• **Collection entries**:
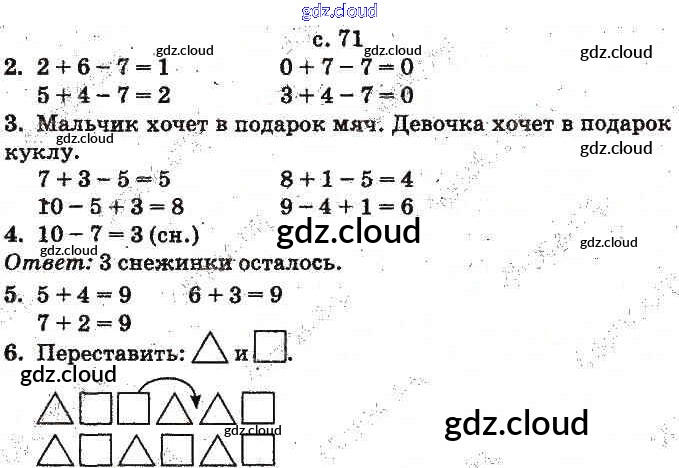 Ответ на задание 71 Учебник Математика за 1 (первый) класс Богданович, Лишенко 2012
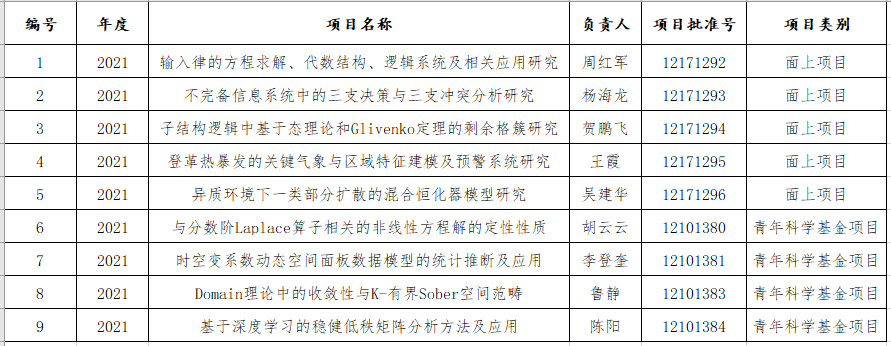 国家自然科学基金项目-2021年
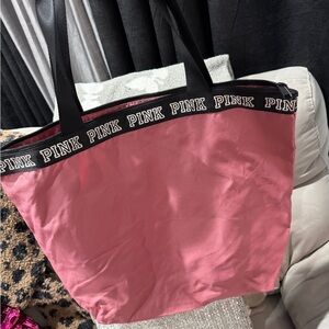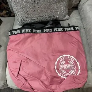 Chic tote bag in rose by PINK Victoria's Secret. Features bold branding and durable straps.
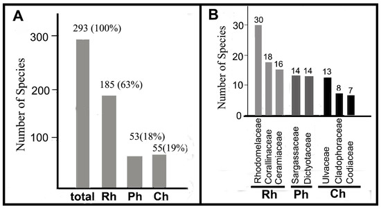 Species diversity and taxonomic composition of new findings of seaweeds along coast of the Tomioka Peninsula in 2012–2017. (A) Absolute and relative species numbers of different taxonomic groups (Rh, Ph, Ch). (B) Species numbers in dominant families.
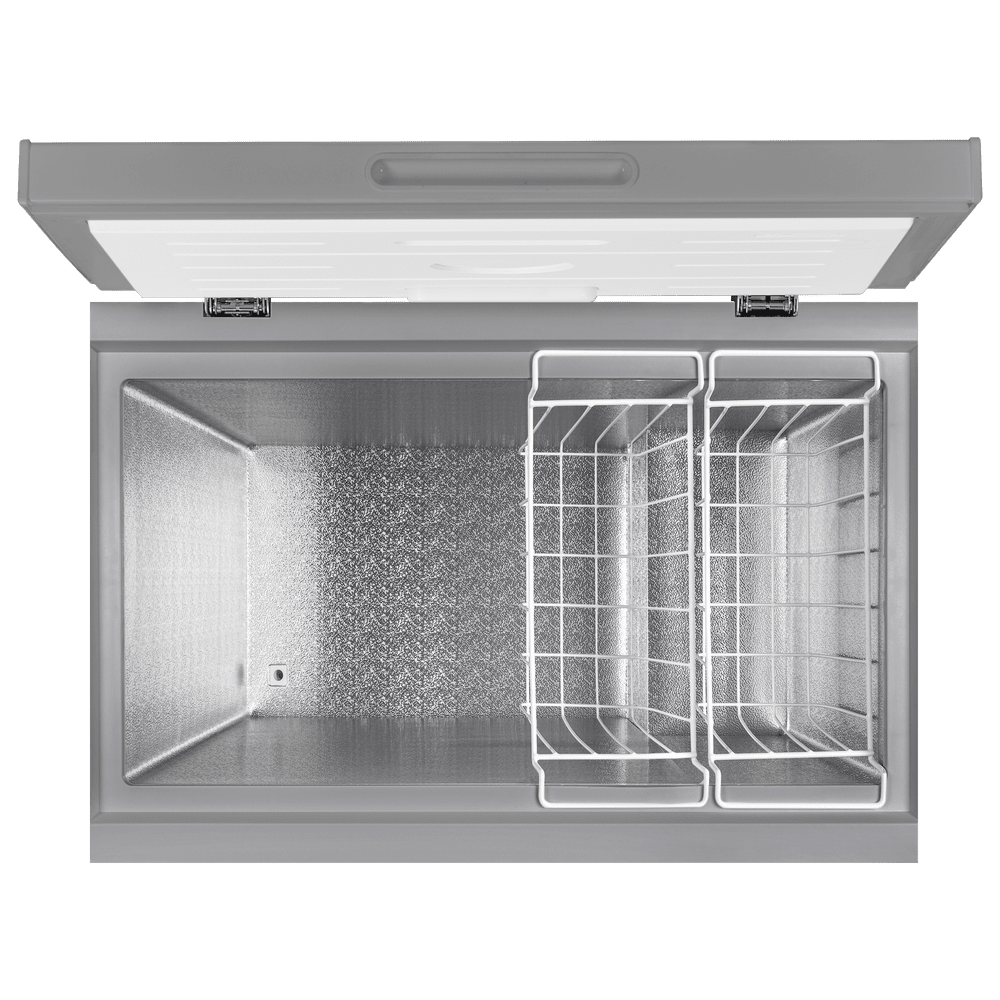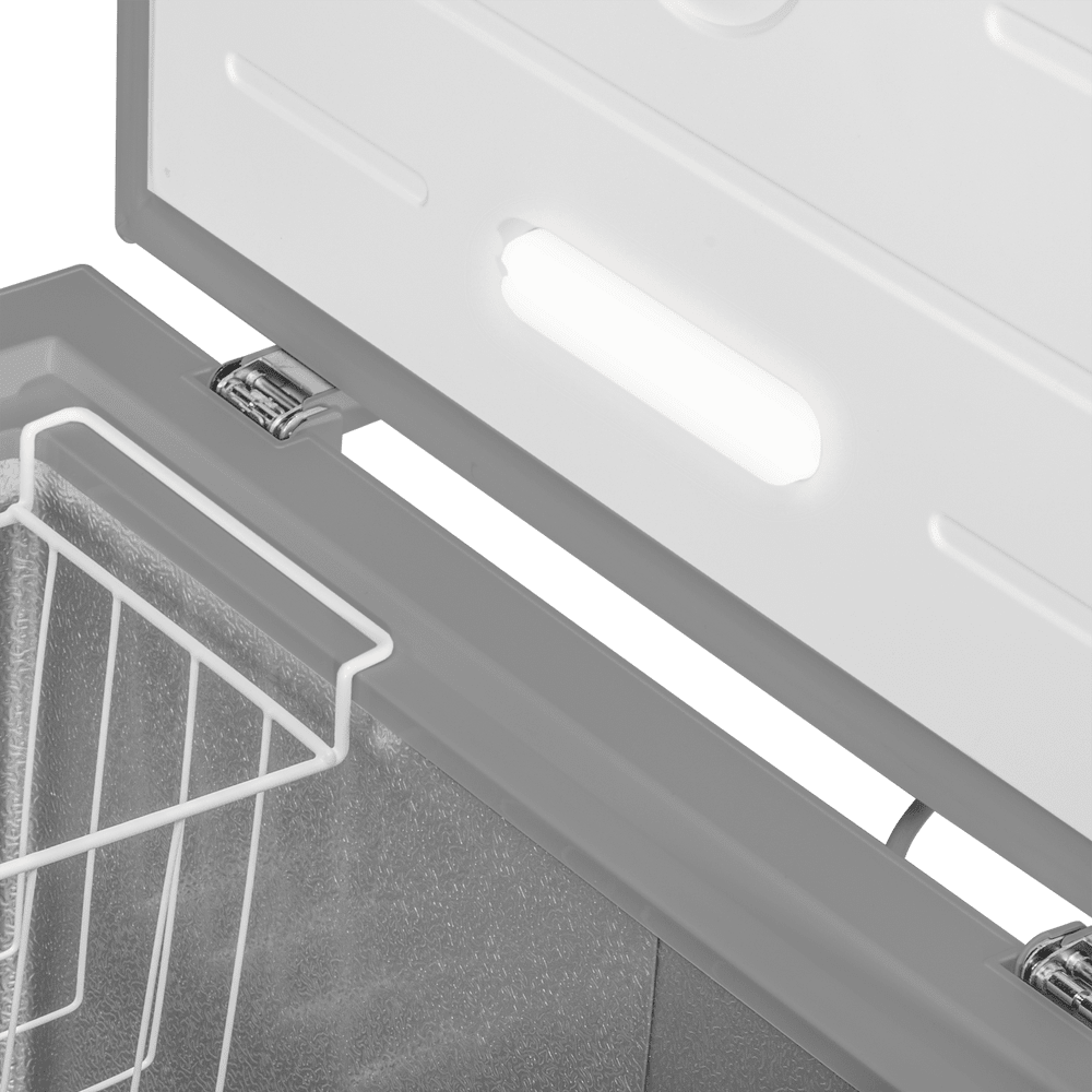 Морозильный ларь можно установить в помещении с температурой до -15°С. Благодаря специальному режиму можно быстро заморозить большое количество продуктов. Ларь оснащен двумя корзинами для быстрого доступа. LED подсветка на крышке освещает все пространство внутри.

• **PROMPT**:
With no pictures included, write out the entries exactly.

• **WRITTEN SOLUTION**:
 Ответ на задание 71 Учебник Математика за 1 (первый) класс Богданович, Лишенко 2012
 国家自然科学基金项目-2021年
 Chic tote bag in rose by PINK Victoria's Secret. Features bold branding and durable straps.
 Species diversity and taxonomic composition of new findings of seaweeds along coast of the Tomioka Peninsula in 2012–2017. (A) Absolute and relative species numbers of different taxonomic groups (Rh, Ph, Ch). (B) Species numbers in dominant families.
 Морозильный ларь можно установить в помещении с температурой до -15°С. Благодаря специальному режиму можно быстро заморозить большое количество продуктов. Ларь оснащен двумя корзинами для быстрого доступа. LED подсветка на крышке освещает все пространство внутри.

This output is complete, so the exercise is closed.